WordPress notification bar plugin interface screenshot

This plugin is produced by SeedProd - a name you’ve probably seen attached to several solid WordPress tools - and carries a 4.5-star rating with around 8,000 active installs.

This is a streamlined free version of a plugin with a premium tier. It’s designed for people who want a no-fuss Hello Bar alternative without a mountain of configuration options. Setup is quick, you can customize your message and button text, choose your color scheme, and it supports multisites. It also has strong international support with a wide range of language translations and i18n compliance.

The premium version can be found here. It lets you create multiple notification bars and gives you granular control over where, when, and for how long each bar displays across different parts of your site. It’s responsive, uses Google Fonts for clean typography, and includes animation and entrance effects for added polish.

You also get countdowns, social profile links, custom CSS support, and a range of other customization options in the pro version. Pricing starts at $29 for a single site with one year of support and updates, with multi-site and lifetime license options available at higher tiers.

Option 4: Fluid Notification Bar

Fluid Notification Bar plugin interface preview

Produced by Shrinivas Naik, this is a lightweight, no-frills notification bar plugin. It’s a smaller player in terms of install count, but it deserves more attention than it gets - especially if you just want something simple and genuinely free with no premium upsell attached.

When I say free, I actually mean free. This isn’t a teaser for a paid upgrade.

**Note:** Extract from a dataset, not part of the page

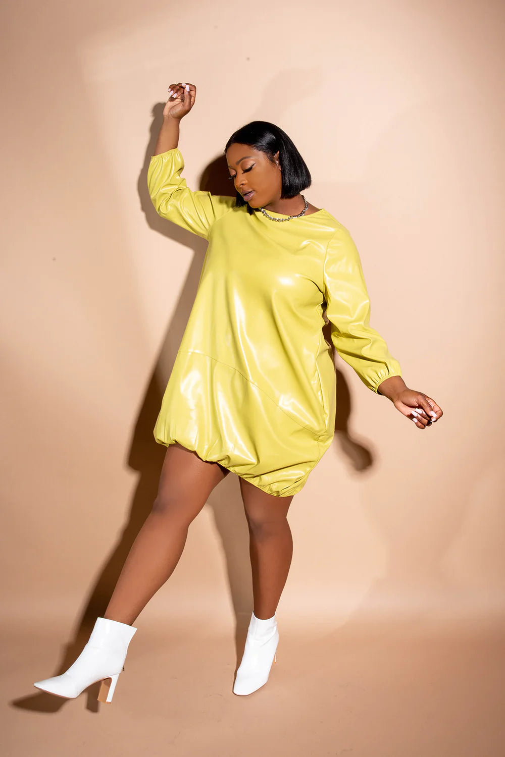 SOLID SATIN 1/2 PUFF SLEEVE MINI DRESS

The bar is lightweight, but it includes a few features that other plugins lock behind paywalls, which makes it worth considering.

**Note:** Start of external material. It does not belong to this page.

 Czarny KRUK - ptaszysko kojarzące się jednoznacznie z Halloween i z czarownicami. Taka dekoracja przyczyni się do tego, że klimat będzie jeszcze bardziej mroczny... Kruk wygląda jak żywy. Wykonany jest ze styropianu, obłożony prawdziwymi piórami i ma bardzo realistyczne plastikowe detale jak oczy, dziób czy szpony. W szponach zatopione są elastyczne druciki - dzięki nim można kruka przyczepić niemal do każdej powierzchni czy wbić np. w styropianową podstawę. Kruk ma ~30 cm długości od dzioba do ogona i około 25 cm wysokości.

In addition to the standard top-bar CTA display, this plugin includes a slide-in animation to grab attention on arrival. You can pick from several animation styles. Social media buttons are supported, and you can set a display delay so the bar doesn’t immediately interrupt someone who just landed on your page.

You also get full control over font, font size, font color, and background color - plus link customization. What it doesn’t do is function as a form or support countdowns and rich media. It links out to a page, and that’s about it. In many ways, it’s exactly what a simple, free Hello Bar alternative should be - nothing more, nothing less.

Option 5: Easy Heads Up Bar

Easy Heads Up Bar plugin interface screenshot

This bar is produced by Greenweb and has around 2,000 active installs with a 4.5-star rating.

It comes with the general suite of standard features. You can customize the color scheme and create as many individual bars as you want. If you have multiple bars, the plugin will randomly select one to display for each visitor - which works well if you’re rotating promotions or social channels, but isn’t ideal if you need precise audience targeting.

You can set basic display rules: show the bar only on the homepage, only on sub-pages, or everywhere. You can also set start and end dates, which is handy for syncing the bar with a campaign calendar or time-limited promotion.

There’s technically no limit to how much text you can put in the bar, but keep it tight. More than about 100 characters plus a button and you’re likely pushing into disruptive territory.

One thing worth noting: this bar is not sticky by default. As the user scrolls, the bar disappears from view. You can fix this with a bit of custom CSS targeting the ID #ehu-bar, but if you’d rather not touch code, a different option might be a better fit.

These five alternatives to Hello Bar are all solid options, even if some lean toward the freemium model. For most use cases, you don’t need the advanced paid features unless you’re doing sophisticated audience segmentation or want extras like countdown timers. Even then, you can usually find a free tool that handles the specific thing you need - it’s only when everything gets bundled together that the price climbs. What’s your favorite Hello Bar alternative?